In an interview after her speech, Ms. van der Hoeven said that “the decision has to be made” by governments around the world to put a price on carbon. The IEA has no preferred means of carbon pricing, she said, but it is up to each country, group of countries, or region to decide on the best approach.
The agency has, however, recommended the elimination of all fossil-fuel subsidies, to level the playing field for renewables.
In Europe, where a carbon trading system is well-entrenched, the price of carbon is much too low, Ms. van der Hoeven said, so it is not enough to prompt a rapid enough shift to renewables. In general, “the price has to be high enough to be effective … and you have to do it for a long time, not for [just] one year,” she said.

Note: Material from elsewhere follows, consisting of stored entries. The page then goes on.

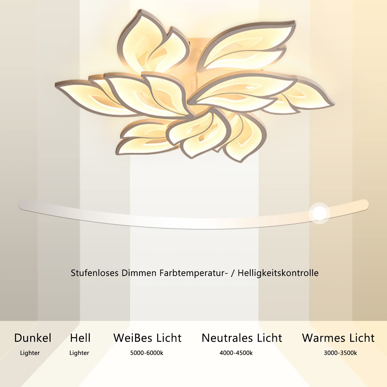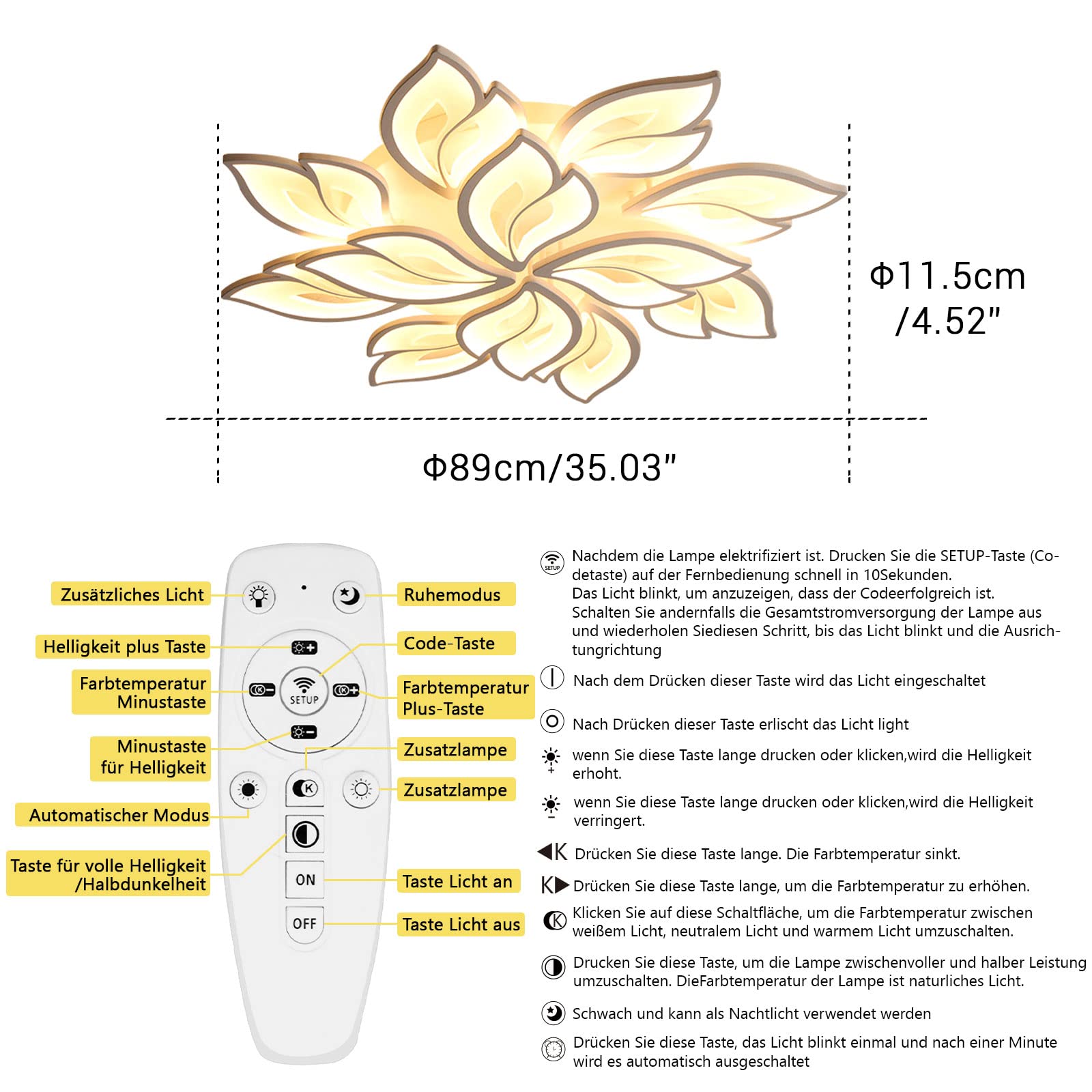 ["【Modern Design】12 Heads Petal Ceiling Light. 360 ° ambient lighting can illuminate the entire room, is your first choice for lighting decoration. The ceiling light made of high-quality iron frame, stable, durable, load-bearing does not deform.","【Energy saving】The ceiling light has a new built-in LED light source, energy saving and environmental protection, low power consumption saves energy and electricity costs. which is 80% more energy efficient than traditional light sources and has a life span of about 50,000 hours.","【Size】35.04*4.53 inches. Material: Iron, Acrylic. Power: 155W. Voltage: AC220-240V. Lumen: 12000lm. Color temperature: 3000-6500K. Illumination area: 20-25㎡. The brightness can be adjusted through the remote control (3000K-6500K). You can enjoy the brightness and temperature brought to you by its convenience.","【Remote Control】Our living room lamp can be controlled not only via wall switch, but also via remote control. The dimmable LED ceiling light has 3 color temperatures, With the remote control, you can adjust the light from 10% to 100%, get a different experience than the usual dimmable LED ceiling light!","【Applicable occasions】suitable for installation in living rooms, bedrooms, kitchens, dining rooms, balconies, and children's rooms. If you have any problems during use after receiving the ceiling light, please feel free to contact us. We offer you perfect after-sales service."]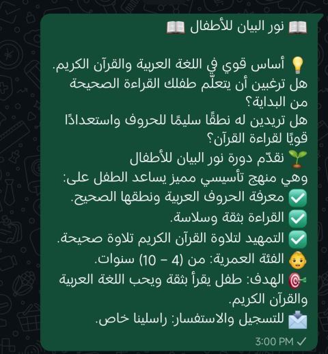 تبي طفلك يتأسس صح ويحب الدراسة يا هلا فيكم. اذا شايل هم تأسيس طفلك أو تبغى أحد يتابعه في دروس الابتدائي بأسلوب ممتع ومبسط، أنا هنا للمساعدة نقدم دروس تقوية وتأسيس في جميع المواد الدراسية تأسيس قوي لغة، رياضيات، وغيرهم. متابعة يومية حل واجبات ومراجعة للاختبارات. شرح مبسط نوصل المعلومة بعيدا عن التعقيد. الموقع خميس مشيط) أو (اونلاين) الأسعار مناسبة جدا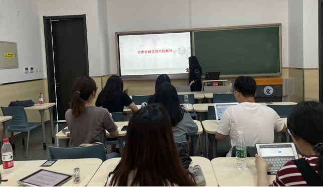 在简单的自我介绍后,讲座正式开始。蔡女士首先简要介绍了消费金融的业务逻辑和行业现状,然后结合自己的多年从业经验讲述了风控的基本概念和一些风险管理的基础理论,并指出从事风控行业所必备的技能,最后展望了行业的发展趋势。在讲解中,蔡女士理论结合实践,深入浅出,教室里洋溢着活跃的气氛。
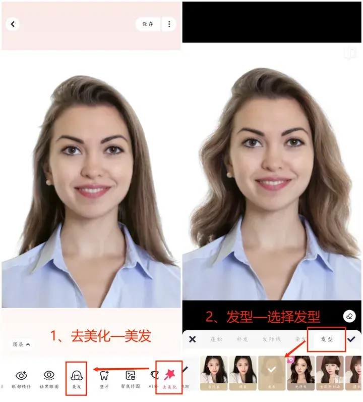 点击右下角的【去美化】,找到【美发】,再点击【发型】,就可以自由换发型啦~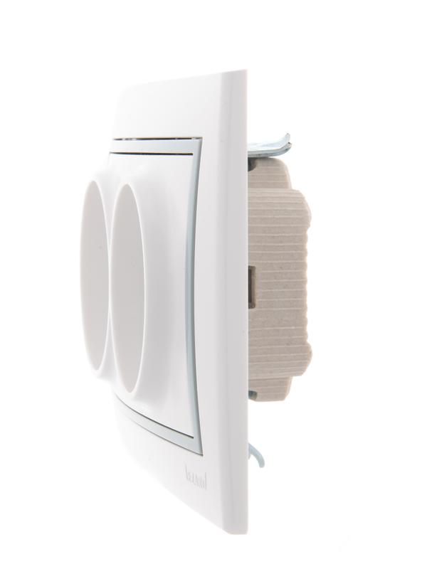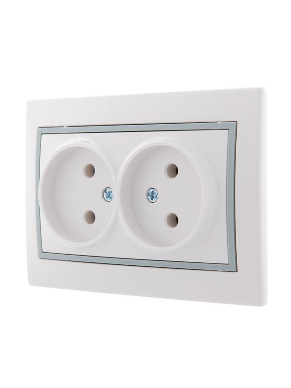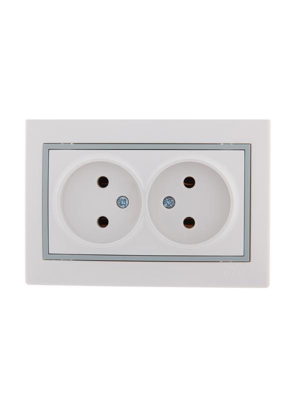 Технические характеристики «Розетка 2-м СП Mira 16А IP20 без заземл. с сер. вставкой керамика бел. LEZARD 701-0215-128»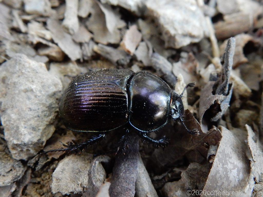 コガネムシ(?)もいました。石の上から転げ落ちて土の上にひっくり返って足をバタバタさせていました。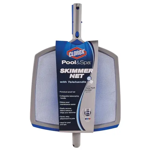 Punctureproof net. Collapsible telescoping handle makes pool maintenance easier. Easily removes debris before it clogs your skimmer. Quick and easy attachment to pole. Ideal for pool and spa.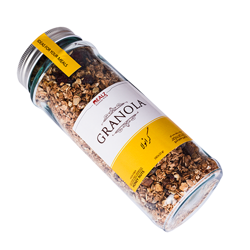 گرانول به معنی دانه است، گرانولا معمولا از غلات (اکثرا جو دوسر)، عسل رقیق شده، آجیل و در نهایت میوه خشک تهیه می شود.گرانولا در انگلیسی Granola یک نوع از انواع غذاها به شمار می آید که معمولاً برای صبحانه یا به عنوان میان وعده مصرف می شود. این خوراکی سالم و انرژی زا، ترکیبی از مغزها،جو دوسر پرک، خشکبار و عسل می باشد که بسیار مقوی و مفید است و می تواند یک گزینه عالی و خوشمزه به عنوان میان وعده باشد. گرانولا به دلیل دارا بودن مواد مفید و مغذی تبدیل به یکی از میان وعده های پرطرفدار شده است. این محصول محبوب معمولا در وعده صبحانه مصرف می شود و می تواند انرژی شما را تا آخر روز بالا نگه دارد.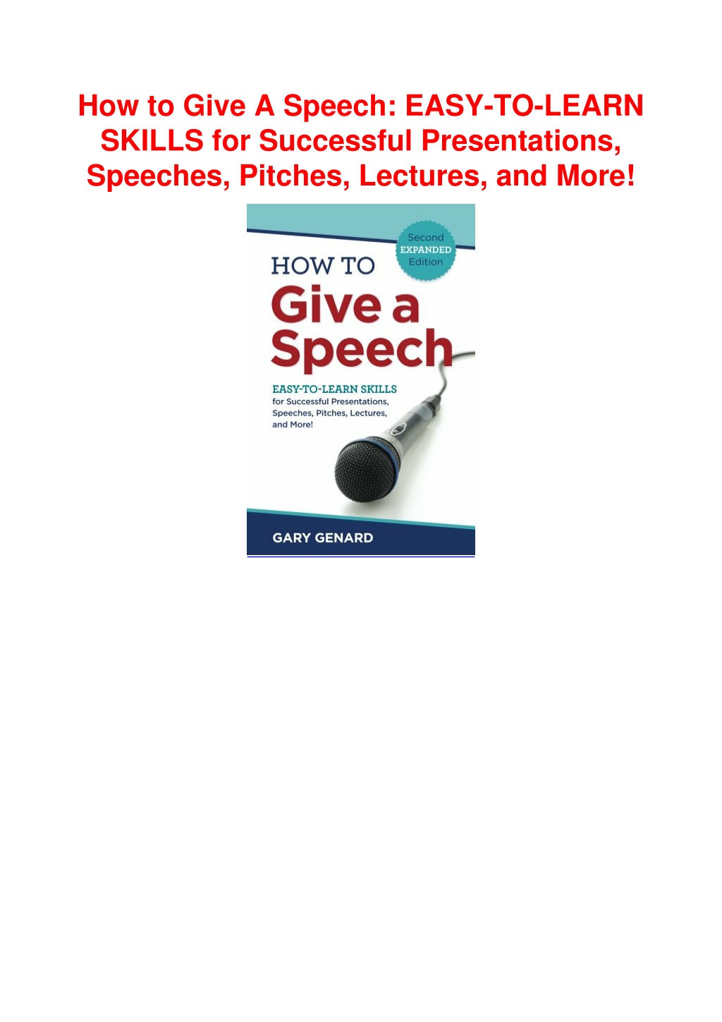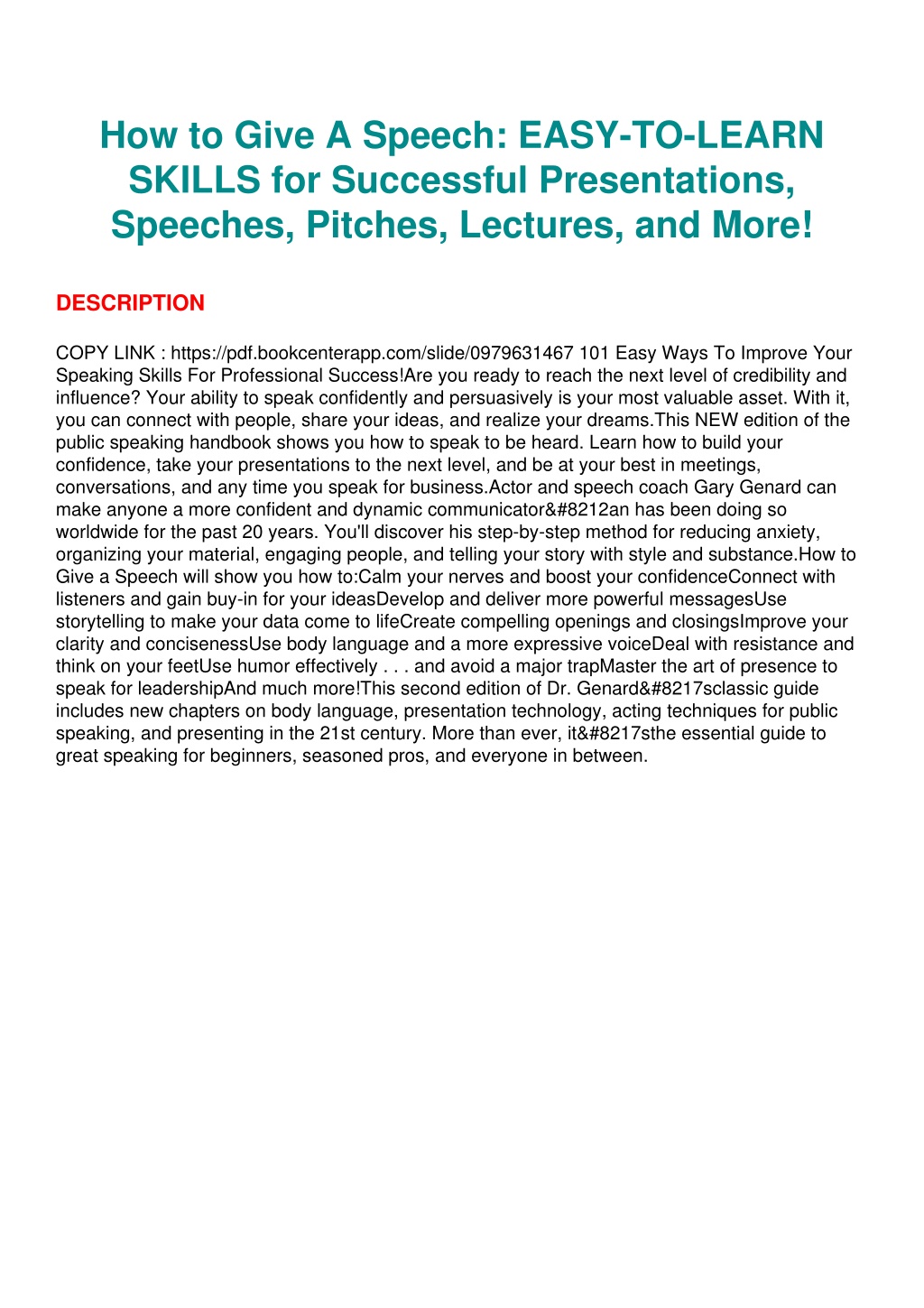 How to Give A Speech: EASY-TO-LEARN SKILLS for Successful Presentations, Speeches, Pitches, Lectures, and More! DESCRIPTION COPY LINK : https://pdf.bookcenterapp.com/slide/0979631467 101 Easy Ways To Improve Your Speaking Skills For Professional Success!Are you ready to reach the next level of credibility and influence? Your ability to speak confidently and persuasively is your most valuable asset. With it, you can connect with people, share your ideas, and realize your dreams.This NEW edition of the public speaking handbook shows you how to speak to be heard. Learn how to build your confidence, take your presentations to the next level, and be at your best in meetings, conversations, and any time you speak for business.Actor and speech coach Gary Genard can make anyone a more confident and dynamic communicator—an has been doing so worldwide for the past 20 years. You'll discover his step-by-step method for reducing anxiety, organizing your material, engaging people, and telling your story with style and substance.How to Give a Speech will show you how to:Calm your nerves and boost your confidenceConnect with listeners and gain buy-in for your ideasDevelop and deliver more powerful messagesUse storytelling to make your data come to lifeCreate compelling openings and closingsImprove your clarity and concisenessUse body language and a more expressive voiceDeal with resistance and think on your feetUse humor effectively . . . and avoid a major trapMaster the art of presence to speak for leadershipAnd much more!This second edition of Dr. Genard’sclassic guide includes new chapters on body language, presentation technology, acting techniques for public speaking, and presenting in the 21st century. More than ever, it’sthe essential guide to great speaking for beginners, seasoned pros, and everyone in between.
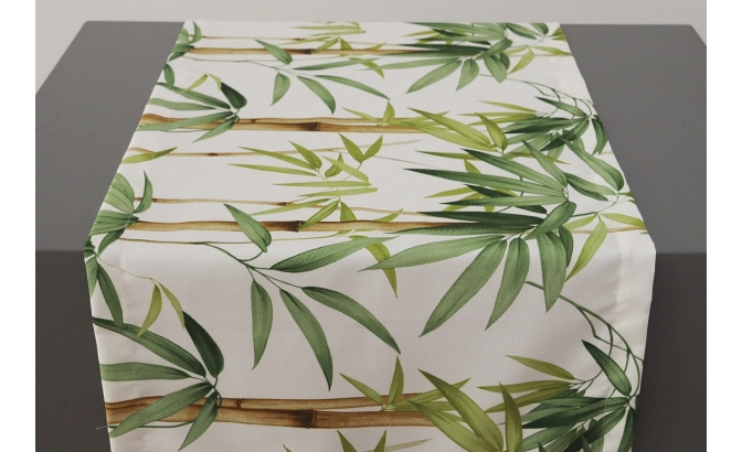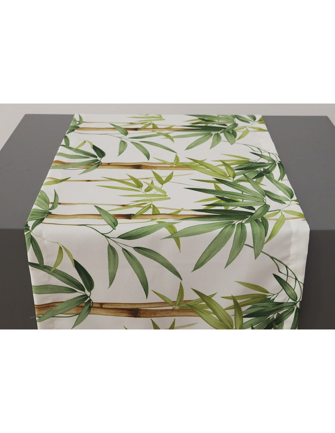 Printed table runner with anti-stain and anti-wrinkle treatment.

British Columbia is the only jurisdiction in Canada that has implemented a carbon tax, although Alberta has rules that are essentially a form of “cap and trade” pricing.
Many environmental groups have called for some form of carbon pricing across the country, and a report earlier this year from the University of Calgary’s School of Public Policy said the government should set a price on pollution and carbon-dioxide emissions.
Ms. van der Hoeven said that while there has been considerable progress in implementing renewable technologies, such as hydro power, biomass, wind energy and solar, there needs to be more effort put into clean coal, carbon capture and storage, and biofuels for transportation.
In Canada, because of the widespread use of hydro power, as much as 75 per cent of electricity could be generated by renewables by 2050, she said. A key area for investment in this country is the transmission grid, which needs widespread upgrading, she added.
The IEA is enthusiastic about natural gas as a transition technology, substituting it for coal as other renewables are developed further. Its abundance – particularly from unconventional sources – means natural gas can also contribute to energy security, Ms. van der Hoeven said.
Still, there is legitimate concerns over environmental and social impacts of technologies such as fracking, and industry must do far more to win public confidence, she said.
Ms. van der Hoeven, who is on her way to tour the oil sands, said the development of projects there “are a very important part of the security of supply, not only to Canada but also to the United States.” However, the country must also develop renewable energy at the same time, and ensure that the oil sands land is fully reclaimed after the oil is extracted, she said.
A former politician in the Netherlands, Ms. van der Hoeven said she understands why Canada and its provinces have not yet come up with a broadly based national energy policy. “I come from Europe and I know how difficult it is to organize [things like that].”
But a national approach on regulation and standardization would be valuable, she said, noting the tendency in Canada to build north-south energy grids rather than east-west ones between provinces.